• **STUDY MATERIAL**:
%%
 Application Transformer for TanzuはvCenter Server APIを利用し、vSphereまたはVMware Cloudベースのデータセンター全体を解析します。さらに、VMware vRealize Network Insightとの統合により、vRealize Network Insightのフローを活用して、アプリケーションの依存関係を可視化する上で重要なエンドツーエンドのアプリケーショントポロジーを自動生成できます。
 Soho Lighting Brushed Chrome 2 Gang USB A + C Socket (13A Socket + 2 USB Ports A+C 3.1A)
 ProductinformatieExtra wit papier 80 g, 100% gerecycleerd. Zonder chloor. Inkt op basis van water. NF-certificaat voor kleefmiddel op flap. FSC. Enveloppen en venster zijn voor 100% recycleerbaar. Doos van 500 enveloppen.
%%
%%
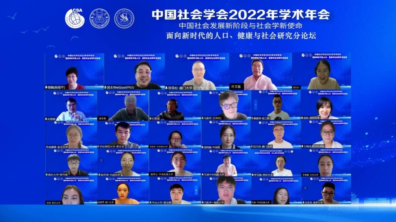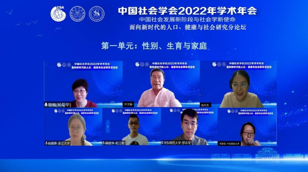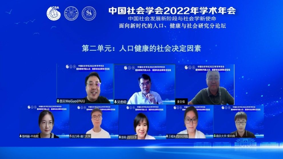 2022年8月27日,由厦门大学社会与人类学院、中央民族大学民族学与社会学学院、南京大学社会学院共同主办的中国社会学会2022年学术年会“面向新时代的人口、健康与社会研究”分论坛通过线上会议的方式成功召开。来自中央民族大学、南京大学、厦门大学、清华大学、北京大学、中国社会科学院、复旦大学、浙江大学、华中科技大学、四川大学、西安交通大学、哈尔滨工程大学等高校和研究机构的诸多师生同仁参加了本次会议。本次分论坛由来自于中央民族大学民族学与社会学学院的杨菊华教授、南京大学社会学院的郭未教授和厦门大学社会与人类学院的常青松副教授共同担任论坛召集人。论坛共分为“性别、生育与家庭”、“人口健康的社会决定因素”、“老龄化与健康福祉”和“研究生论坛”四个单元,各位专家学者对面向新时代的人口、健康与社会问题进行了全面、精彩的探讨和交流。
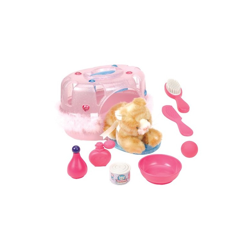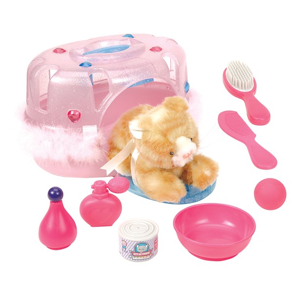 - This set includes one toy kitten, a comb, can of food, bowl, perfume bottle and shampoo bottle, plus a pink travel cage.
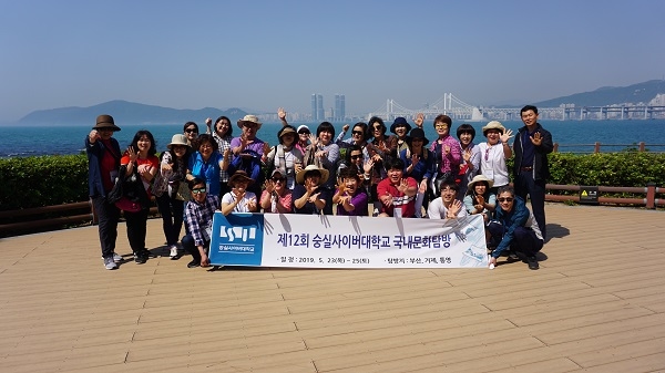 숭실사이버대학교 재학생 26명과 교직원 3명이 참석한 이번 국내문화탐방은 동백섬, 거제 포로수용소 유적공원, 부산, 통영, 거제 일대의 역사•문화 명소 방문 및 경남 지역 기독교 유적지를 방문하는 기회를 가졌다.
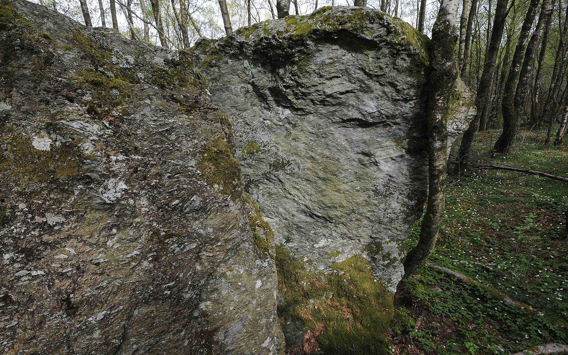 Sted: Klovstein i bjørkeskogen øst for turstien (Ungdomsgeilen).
%%
%%
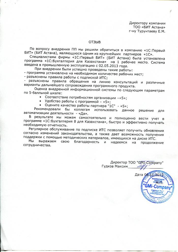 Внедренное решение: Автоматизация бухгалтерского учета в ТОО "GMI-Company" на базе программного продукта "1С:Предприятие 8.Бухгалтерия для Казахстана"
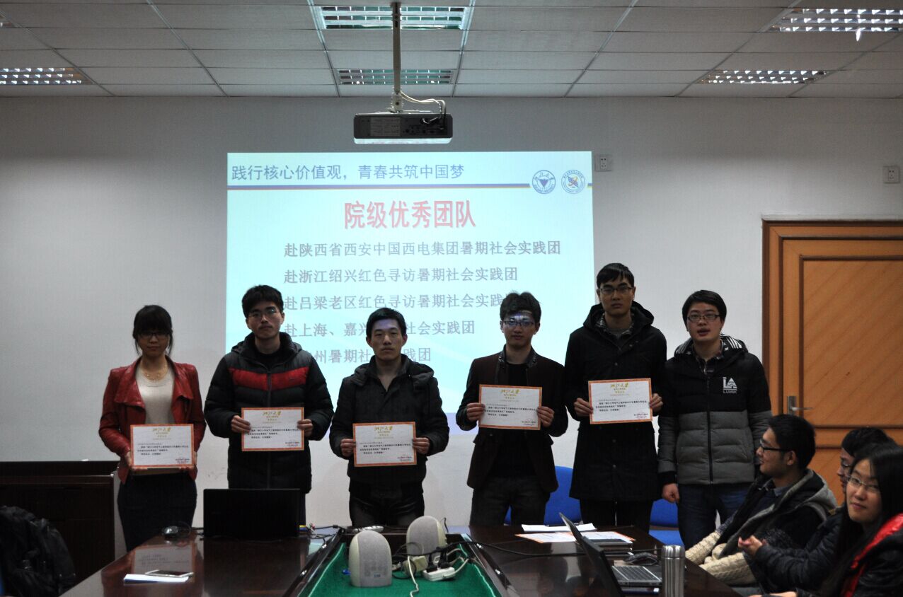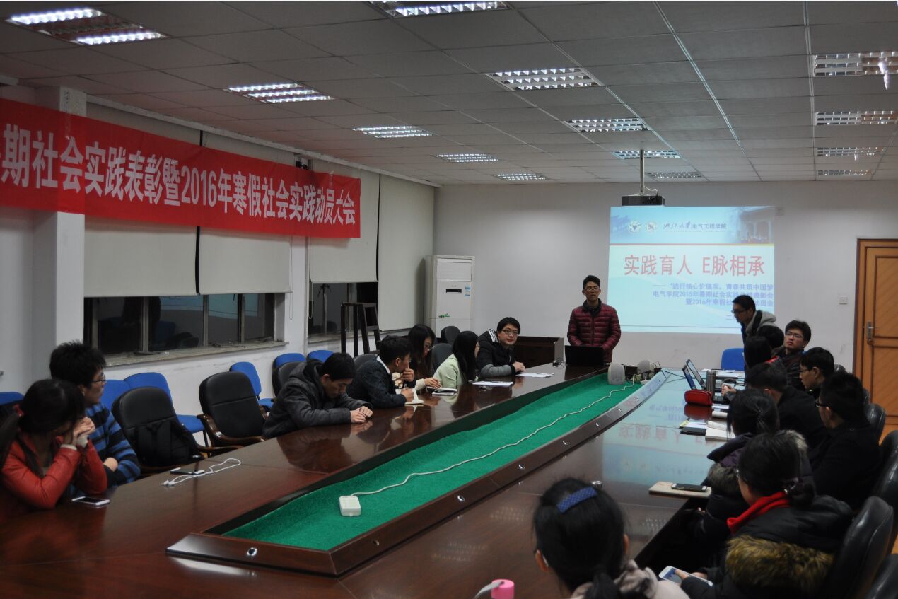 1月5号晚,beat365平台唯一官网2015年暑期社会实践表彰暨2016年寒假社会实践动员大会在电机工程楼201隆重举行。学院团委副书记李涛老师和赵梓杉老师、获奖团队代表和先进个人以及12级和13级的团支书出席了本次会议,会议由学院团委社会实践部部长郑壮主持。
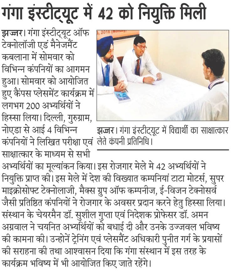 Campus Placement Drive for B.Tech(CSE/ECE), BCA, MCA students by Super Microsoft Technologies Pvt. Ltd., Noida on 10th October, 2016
%%
• **TRY IT**: Retype the entries above exactly, but only from the line containing "Application Transformer for" through the line containing "Soho Lighting Brushed", both included.

• **EXPECTED ANSWER**:
 Application Transformer for TanzuはvCenter Server APIを利用し、vSphereまたはVMware Cloudベースのデータセンター全体を解析します。さらに、VMware vRealize Network Insightとの統合により、vRealize Network Insightのフローを活用して、アプリケーションの依存関係を可視化する上で重要なエンドツーエンドのアプリケーショントポロジーを自動生成できます。
 Soho Lighting Brushed Chrome 2 Gang USB A + C Socket (13A Socket + 2 USB Ports A+C 3.1A)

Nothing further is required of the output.